McDuff's killing spree started at an early age. He was convicted in 1966 of killing three teenagers near Fort Worth. He was almost put to death twice before his sentence was commuted to life.
Then, due to prison overcrowding, he was released in 1989. That's when young women began disappearing from all over Central Texas, including a woman named Colleen Reed from Austin. Eventually investigators linked one of those disappearances to McDuff after his car was found abandoned near the Waco convenience store where a missing girl worked.
A team of U.S. Marshals from all over the country was assembled in McLennan County to search for McDuff.
"You're racing against time," McNamara said. "You know this guy is out there wanting to kill. You just hope you can get there before he kills again."
McDuff was featured on American's Most Wanted and within a couple days, a tip came in that he was in Kansas City. McNamara and a team of U.S. Marshals flew there to arrest him and bring him back to Waco.
"The feeling we all had was such relief because we were frantically trying to catch him and stop him from killing because we knew that as we were pursuing him, this guy was killing people all along," McNamara said.
Investigators believe McDuff likely killed between 15 and 20 people. How someone can become a serial killer is something researchers are still working to determine.
Forensic psychologist Dr. Alissa Sherry says a killer's past can provide some answers.
"(Factors like) severe childhood abuse, physical sexual, emotional abuses, severe neglect," Sherry said. "Things like patterns of being humiliated, humiliated by their parents, humiliated by peers in school."

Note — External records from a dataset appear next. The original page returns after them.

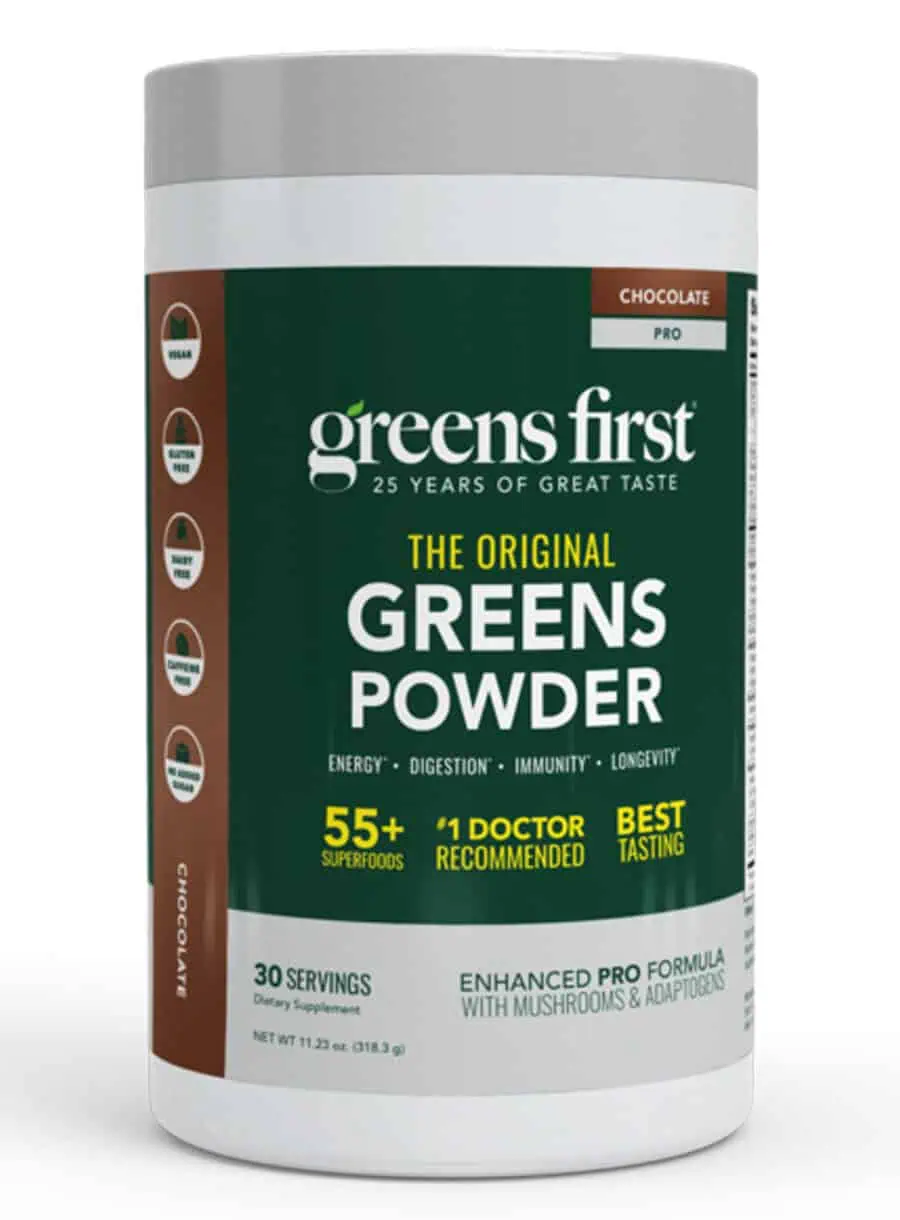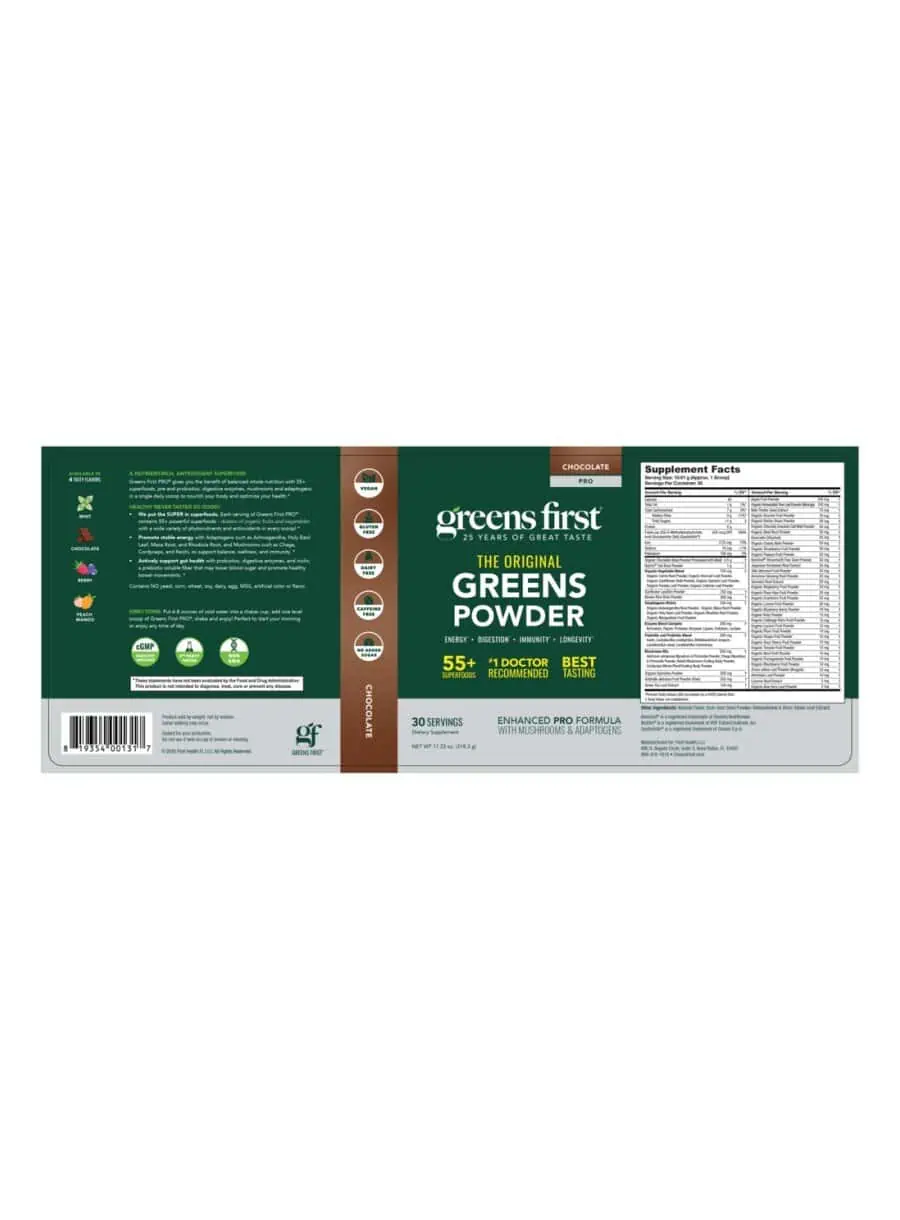 Greens First PRO (Chocolate) 400g — This chocolate superfood powder delivers a broad-spectrum blend of phytonutrient antioxidants, fruits, vegetables, enzymes, and probiotics in a convenient daily scoop. Designed for adults seeking an easy greens drink, it combines 54 different super foods with plant-based nutrition support in a great-tasting chocolate format. Ideal for daily wellness routines, especially for those looking to add more antioxidant-rich ingredients and digestive support to their diet.
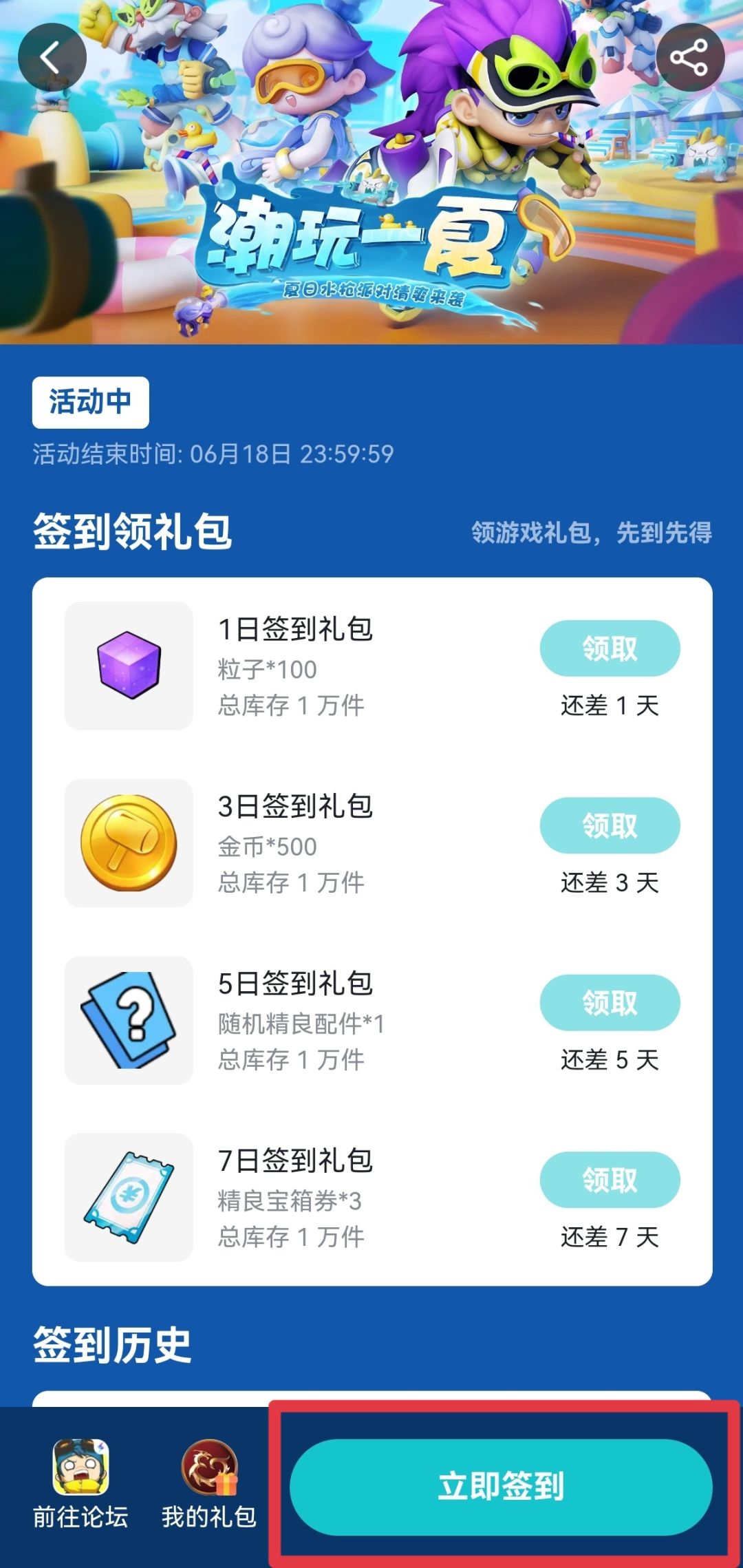 2、在本页面点击「立即签到」,活动期间内累计签到满对应天数即可获得相应奖励,礼包先到先得,领完为止。3、点击对应礼包即可成功领取礼包码,活动礼包一个账户仅可获得一次。
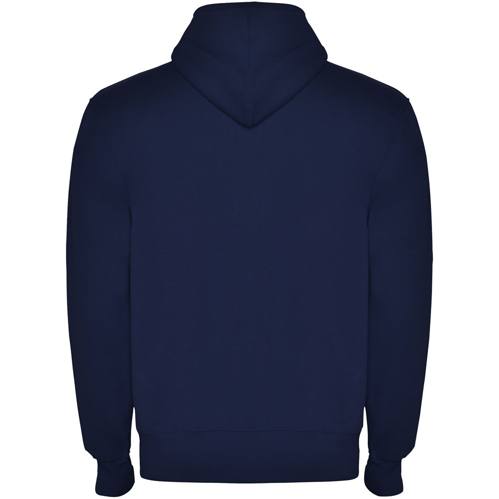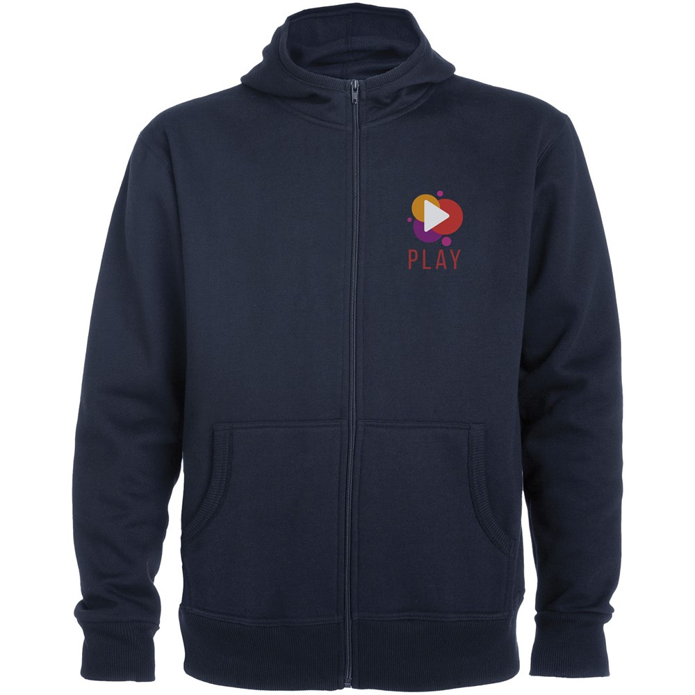 Sweatjacke mit Kapuze, hohem Halsausschnitt und durchgehendem Reißverschluss. Gerippte Details an Kapuze und Taschenpaspeln. Tasche im Känguru-Stil. 2×2 Rippenstrick an Ärmeln und Taille. Herausnehmbares Etikett. Das Modell ist 184 cm groß und trägt Größe L.
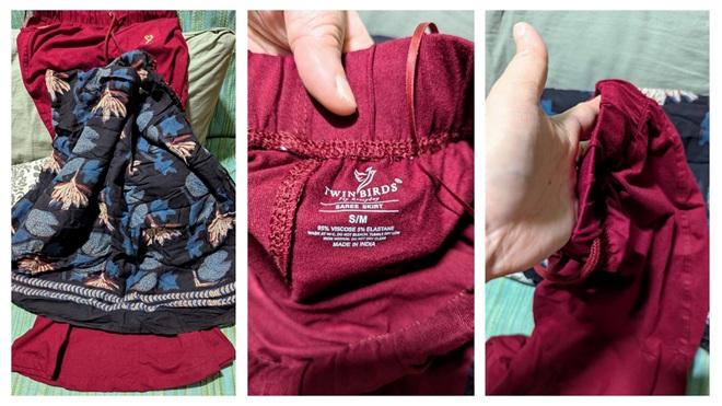 「Myntra」で着用画像を投稿している消費者の中には、このスカートをクルタやニットなど、長めのトップスと合わせて着ている方もいらっしゃいました。
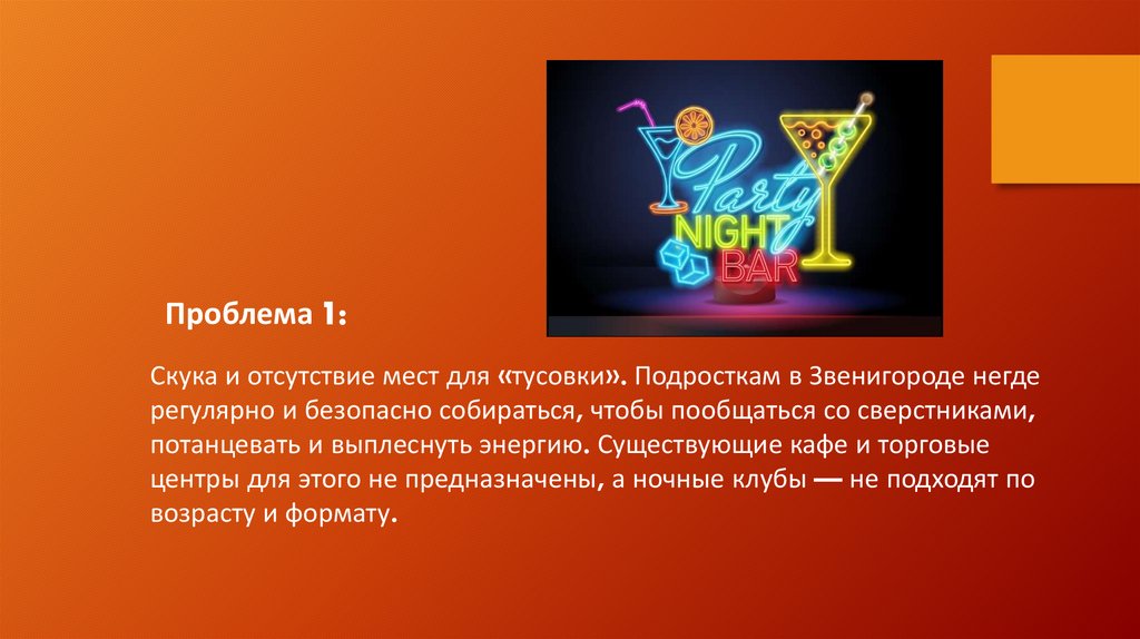 Проблема 1:Скука и отсутствие мест для «тусовки». Подросткам в Звенигороде негде

When investigators have a serial killer case on their hands, Dr. Sherry says they're dealing with a psychopath.
"A psychopath is someone who typically lacks empathy, engages in behavior for their own personal gain and reward, has a difficult time connecting with people emotionally."
That's exactly the kind of person McDuff was, according to McNamara, right up until the day he was executed in 1998.
"He never apologized, never apologized to the families for what he did," McNamara said. "Cold blooded to the end."